Feature importance analysis

One of the major criticisms of CNN models is their being black boxes, since no satisfactory explanation of the weights learned by CNN has been used for the assessment of feature importance. In this study, this drawback was tackled by employing random forest (RF) as a supervised ensemble learning method that operates by constructing several randomized decision trees. RF was trained on the labeled SNPs as positive (prediction_score > 0.5) or negative (prediction_score < 0.5) according to CNN results. 100 decision trees constituted the RF and 10 features were randomly sampled at each split. The Gini importance score was calculated to evaluate the relative importance of each feature. First, the response variable was randomly permutated 1,000 times, then feature importance from the permutated data was compared with the original importance levels. Finally, p values were estimated as the number of cases where permutated feature importance exceeded real importance using the hypergeometric distribution.

$$P\left( {X = k} \right) = \frac{{\left( {\begin{array}{*{20}c} K \\ k \\ \end{array} } \right)\left( {\begin{array}{*{20}c} {N - K} \\ {n - k} \\ \end{array} } \right)}}{{\left( {\begin{array}{*{20}c} N \\ n \\ \end{array} } \right)}}$$

where N is the total number of features, K is the number of all significant features (p value < 0.05), n and k are the number of features and the number of significant features in each category (Neural, Immune, Digestive and Circulatory) (Table S.2). We did not consider repressive histone marks, H3K9me3 and H3K27me3, because they are not specifically mapped to individual SNPs. We implemented RF by using R packages, randomForest and rfPermute45.

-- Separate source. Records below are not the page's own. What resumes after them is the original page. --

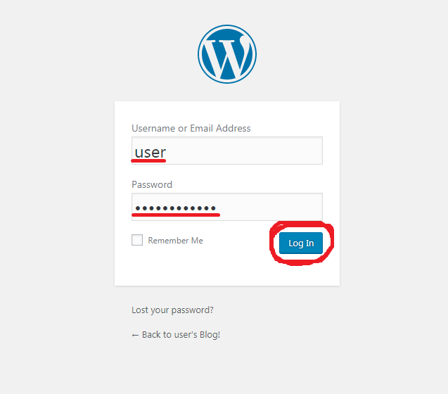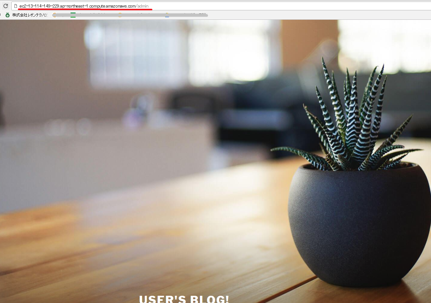 さきほど表示させた自分のWordPressのサイトへ移動します。URLの後ろに/adminを追加すると、管理者ログイン画面に移動します。(僕の場合はhttp://ec2-13-114-149-229.ap-northeast-1.compute.amazonaws.com/admin)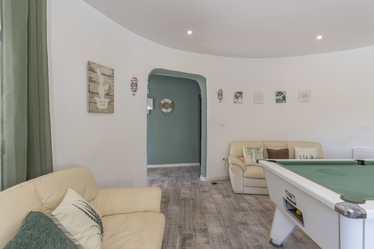 There are plenty to do to energize yourself too. Even a small children won’t get bored here. Villa Ronda has an impressive swimming pool facing the sea with an attractive wooden deck, and a pretty garden offers other entertainments. If you are tired of splashing in the water, you can sunbathe in the plush loungers, or play pool or darts, even a game of table tennis, or just sit around the big al-fresco table with your family and friends for long easy lunches, under the gorgeous palms tree.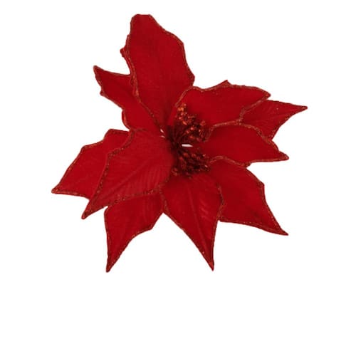 Flor Artificial Natalina Poinsétia Vermelha (Espirito Santo), confeccionada em veludo e Glitter, haste de arame revestido com 21cm de comprimento.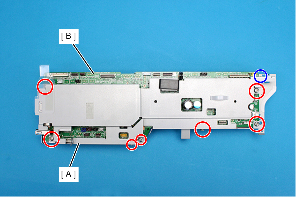- Remove the 8 screws and remove the MB Board Shield Plate Upper (A) to remove the Main Board (B).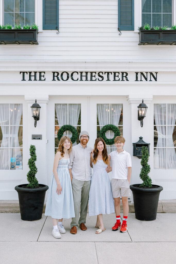 Our path to the Rochester Inn was serendipitous… We had delightful memories of visiting the Rochester Inn before the arrival of our first child, Milla, and we loved the idea of our children growing up with a family business of our own. We have been the proud owners and caretakers of this historic inn since 2016 and have loved every moment! Ray now works at the Sheboygan County Economic Development Corporation as a Business Counselor and also serves on the board of the Sheboygan Falls Chamber-Main Street. You’ll often find Ray in the kitchen, creating delicious new breakfast recipes for our guests, or working around the inn and the gardens, carefully maintaining our 171-year-old building. Kelly has left the corporate world to focus all of her energy on our inn and our family and loves welcoming our guests with true Wisconsin hospitality. She is also passionate about ensuring that the inn, and each guest room, is thoughtfully decorated and appointed to ensure a cozy and luxurious stay. You may spot our entire family at the inn on the weekends, as we love to spend time here together. The Rochester Inn is truly our dream come true!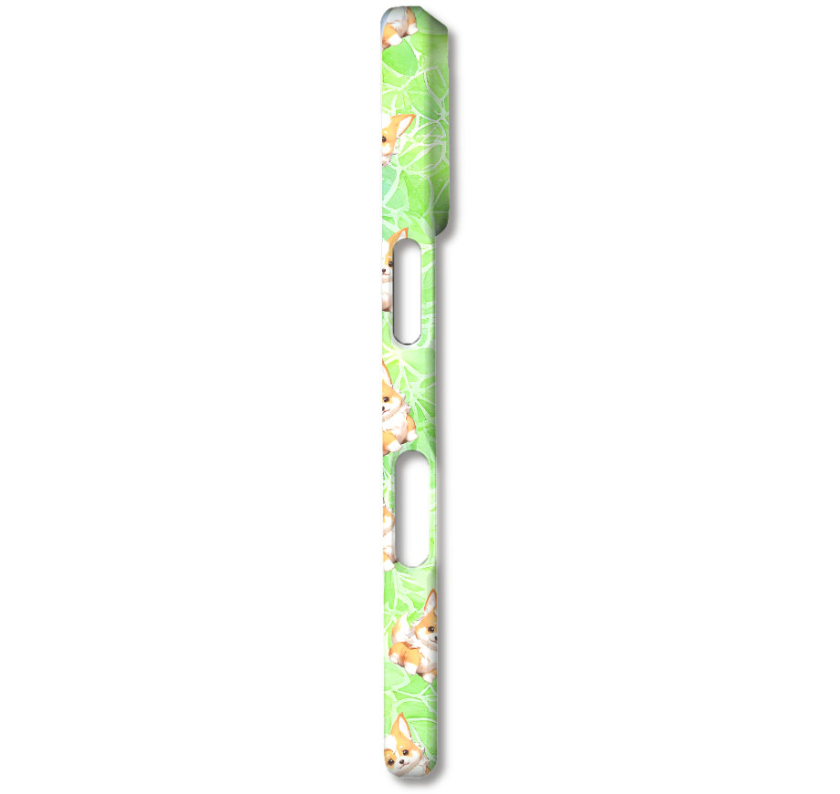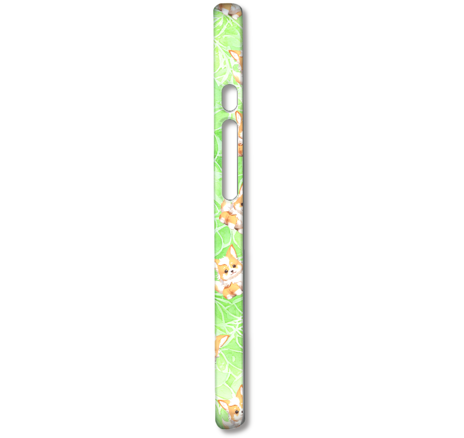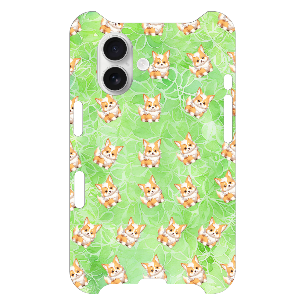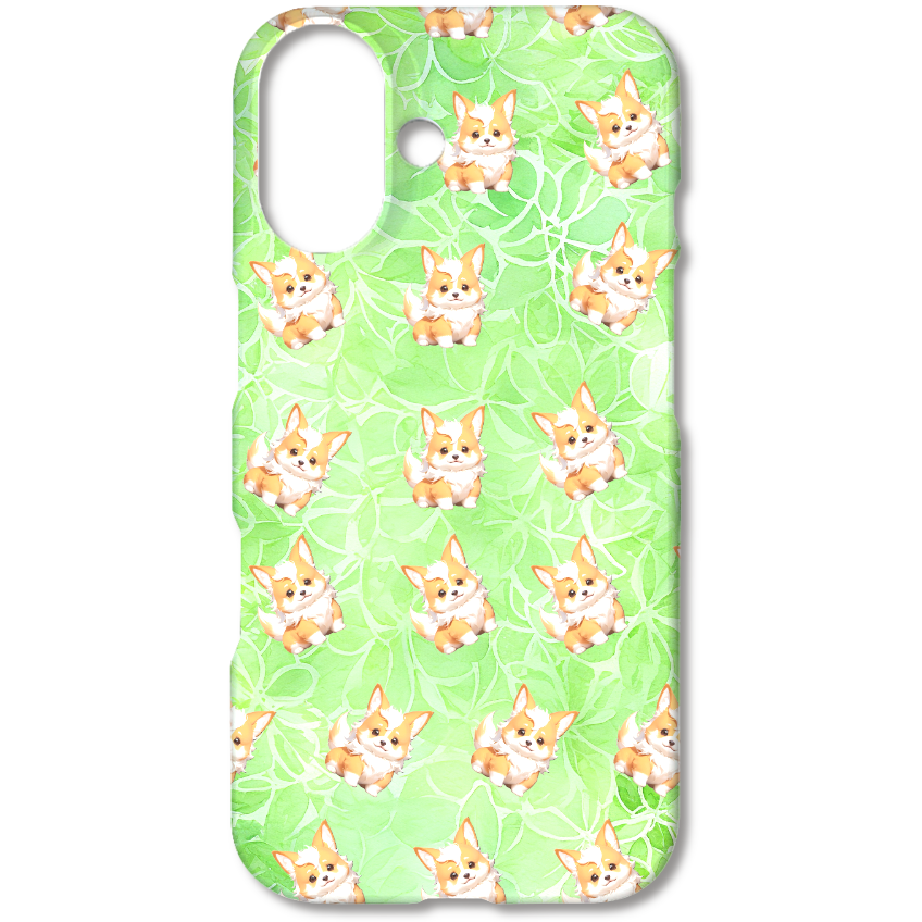 愛らしいコーギーの子犬たちが緑豊かな葉っぱの中で遊んでいる、心温まるスマートフォンケースです。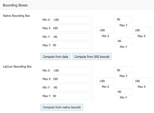 Locate Bounding Boxes and generate the layer's bounding boxes by clicking the Compute from SRS bounds and then Compute from native bounds links.

Identification of linkage disequilibrium blocks

The structure of LD in the region was determined using Haploview46. We used the pedigree data of the specific chromosome region from the European population 1,000 Genomes project (phase 3 release) as an input for Haploview to identify SNPs in the same LD. Haplotype blocks were defined based on D’ estimates using the Solid Spine of the LD option.